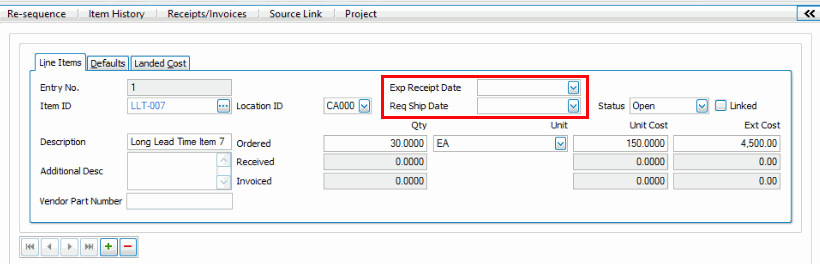 The Expected Receipt Date is the date you want the product received in-house and available for use in production or to ship to a customer. This can help your vendor plan when to ship the items so they arrive at your facility when they are needed.
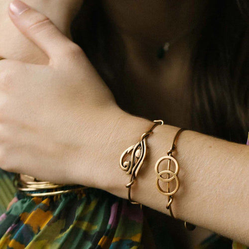 &LIVY Vesica Piscis Symbol Wrap Expandable Bangle-Antique Gold
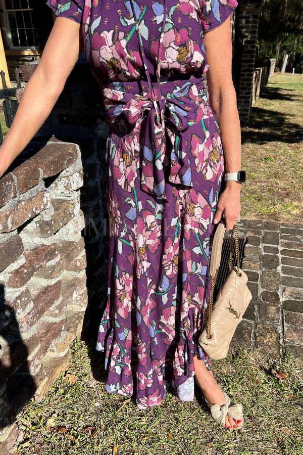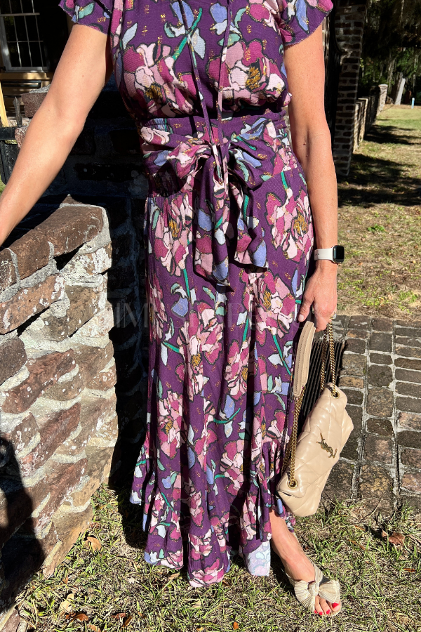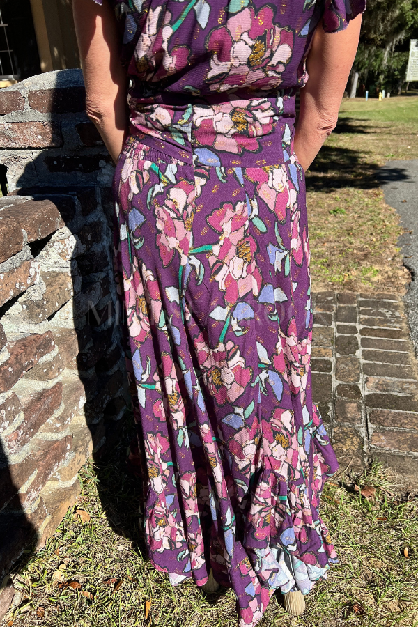 Discover effortless elegance with the Dalia floral skirt. Its bright colors and full length design make it perfect for any occasion.
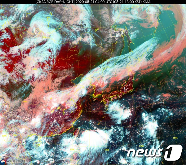 기상청 날씨누리 위성 기본영상에 21일 오후 1시 기준 동아시아 RGB 주야간 합성영상(기상청 제공) © 뉴스1 황덕현 기자 |
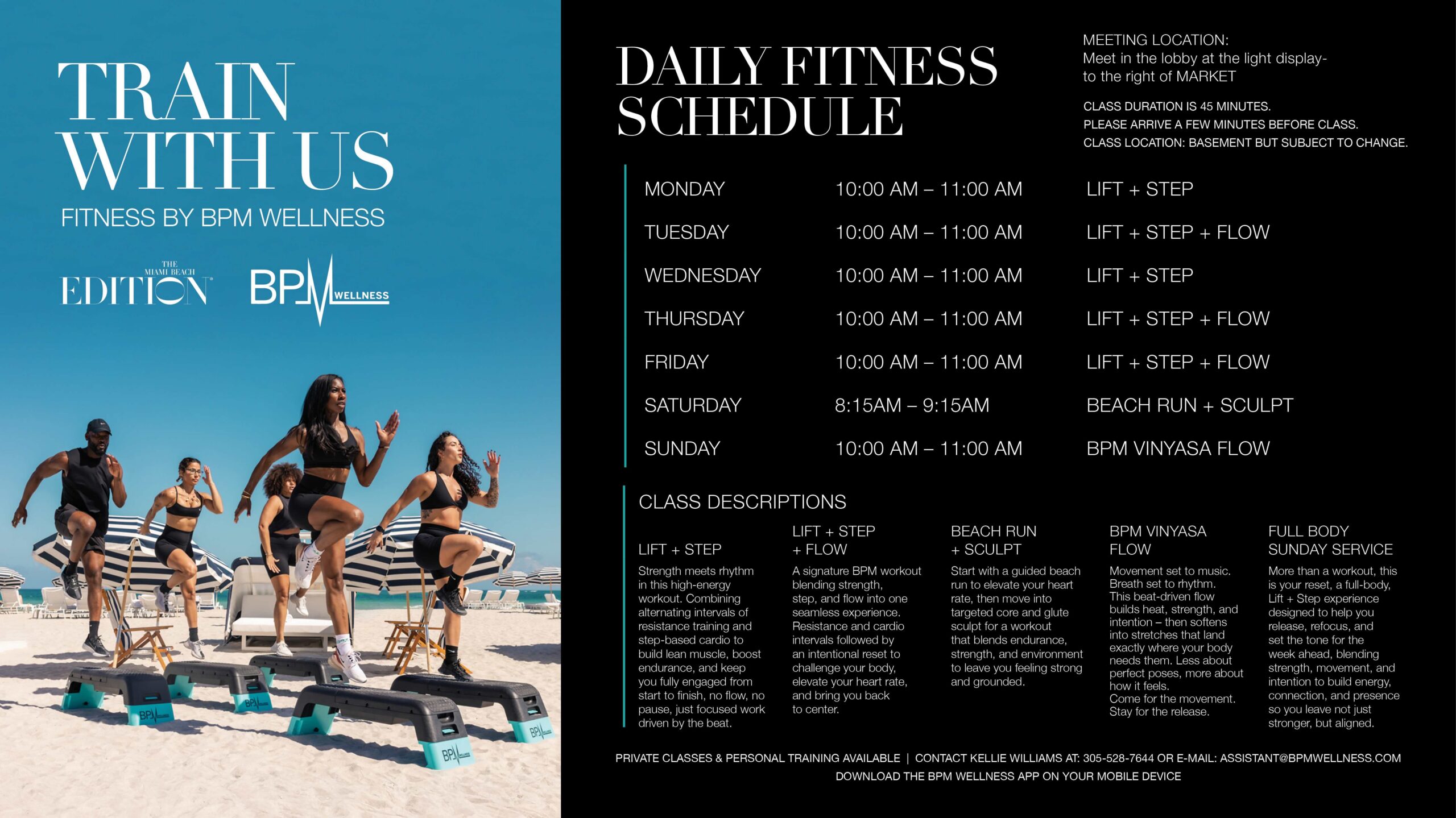 Wellness programming is led by BPM Wellness, Miami’s only Lift + Step + Flow concept—where power, mobility, and music converge. BPM blends strength training, step‑based cardio, and yoga into a seamless, rhythm‑driven experience designed to challenge the body and connect people through movement. More than a class, BPM embodies a modern wellness culture shaped by energy, sound, and community—something you feel the moment you step in. Where wellness meets culture.
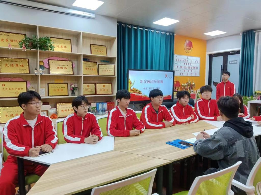 为深入学习贯彻党的二十大精神,加强青年学生思想引领,坚定理想信念,增强新发展团员参与感,提高学习质量。信息工程学院于2023年4月21日晚18:30在SY4409B开展2023年上半年新发展团员团课培训。本次团课由分团委何昕老师授课。
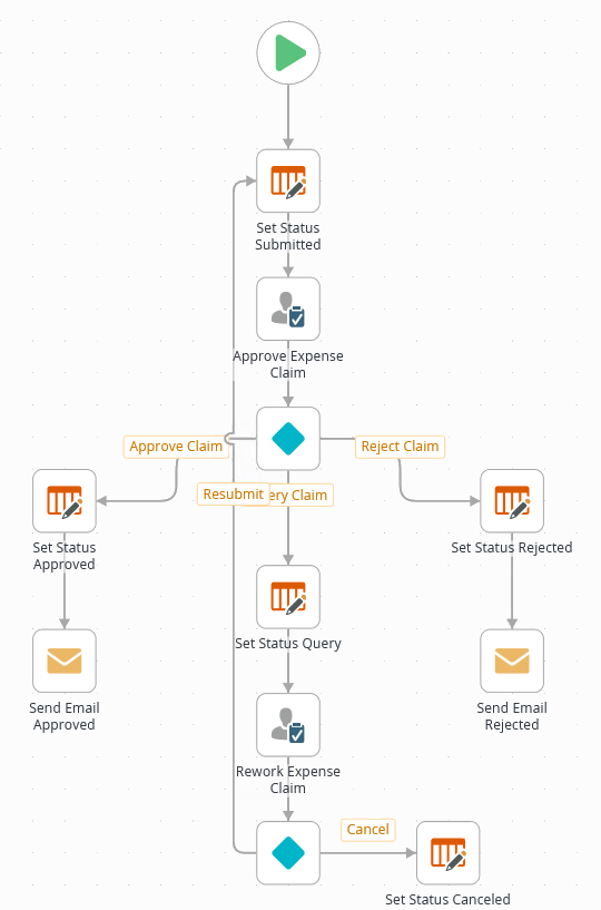 - Next, connect the Resubmit outcome to the Set Status Submitted step. This starts the entire approval process over again. It creates a looping effect between the approval and rework task steps. This loop can repeat itself over and over, until the claim is either approved, rejected, or canceled.
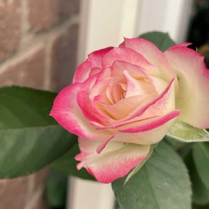 うっかりしてたら、またやってしまいました😅 小さい薔薇の挿木苗を移動しようしたら動かない。まさかと思い手摺の外を覗いたら、ご機嫌に咲いてました❣️ 元気いっぱいのモナコ王子です。隣のグリーンアイスもご一緒に。
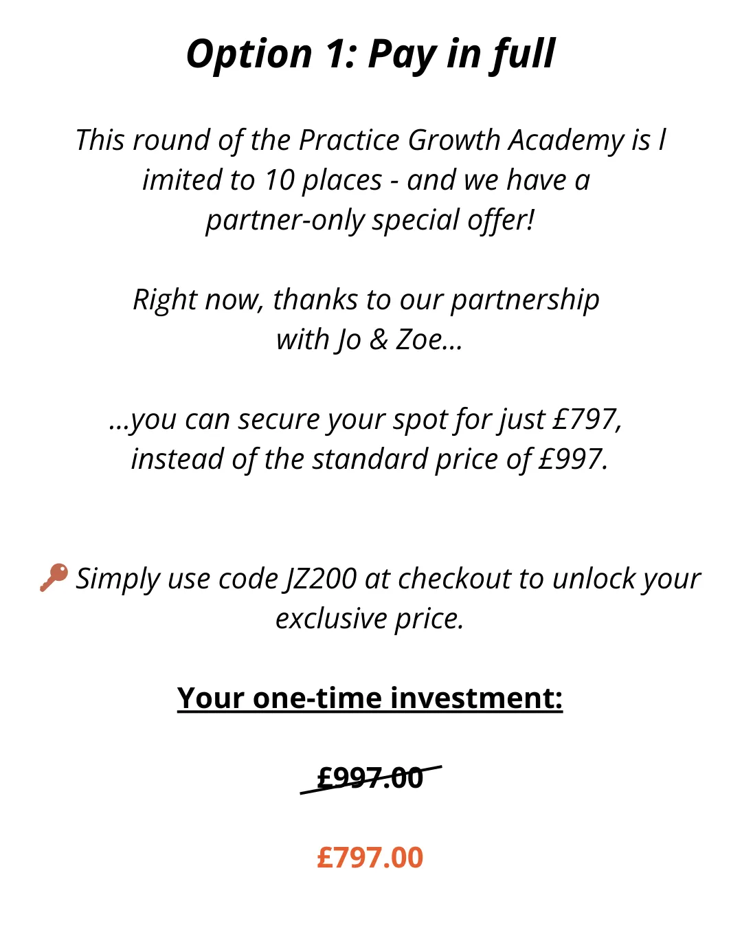 On the checkout page, enter code JZ200 where it says ‘Coupon code’. Your price will update to £797 automatically. This code is exclusive to Jo & Zoe's audience, limited to 10 people, and expires 25th January, 2026.
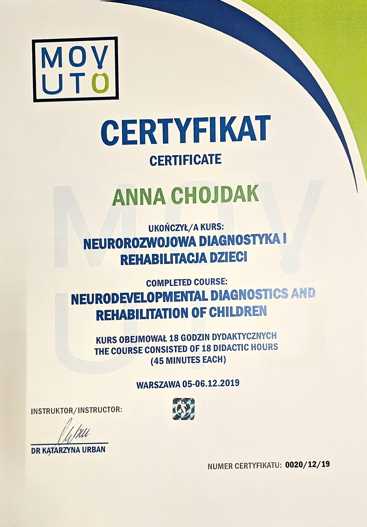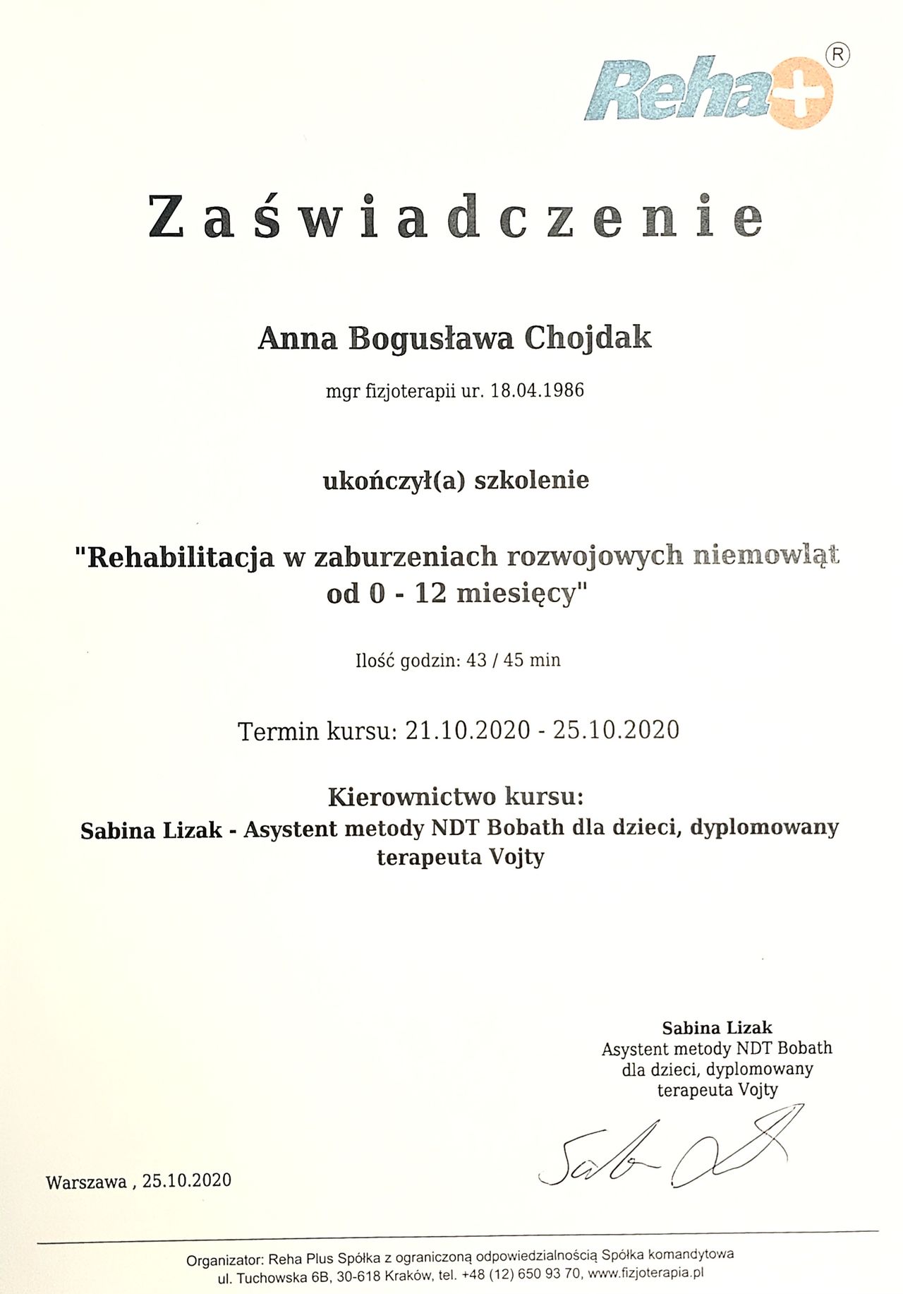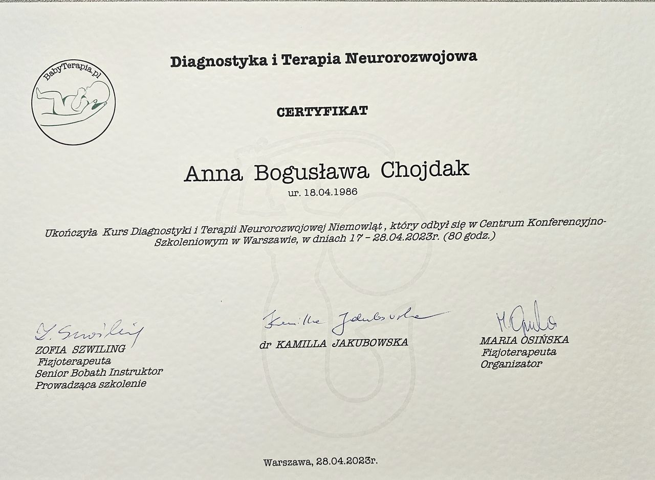 Jaki jest zakres porad oferowanych przez Anna Chojdak?Anna Chojdak to fizjoterapeuta dziecięcy, fizjoterapeuta. Na podstawie swojego doświadczenia i wykształcenia Anna Chojdak oferuje usługi takie jak: konsultacja fizjoterapeutyczna dzieci, rehabilitacja dzieci, fizjoterapia niemowląt, fizjoterapia dzieci, konsultacja fizjoterapeutyczna niemowląt, instruktaż niemowlęcy, badanie układu ruchu, badanie wad postawy, ćwiczenia korekcyjne, FITS.

Directions for this task ▸
Nothing but the lines from the one with "为深入学习贯彻党的二十大精神" to the one with "- Next, connect" above, both included, should be transcribed, exactly and without pictures.

Exercise output ▸
 为深入学习贯彻党的二十大精神,加强青年学生思想引领,坚定理想信念,增强新发展团员参与感,提高学习质量。信息工程学院于2023年4月21日晚18:30在SY4409B开展2023年上半年新发展团员团课培训。本次团课由分团委何昕老师授课。
 - Next, connect the Resubmit outcome to the Set Status Submitted step. This starts the entire approval process over again. It creates a looping effect between the approval and rework task steps. This loop can repeat itself over and over, until the claim is either approved, rejected, or canceled.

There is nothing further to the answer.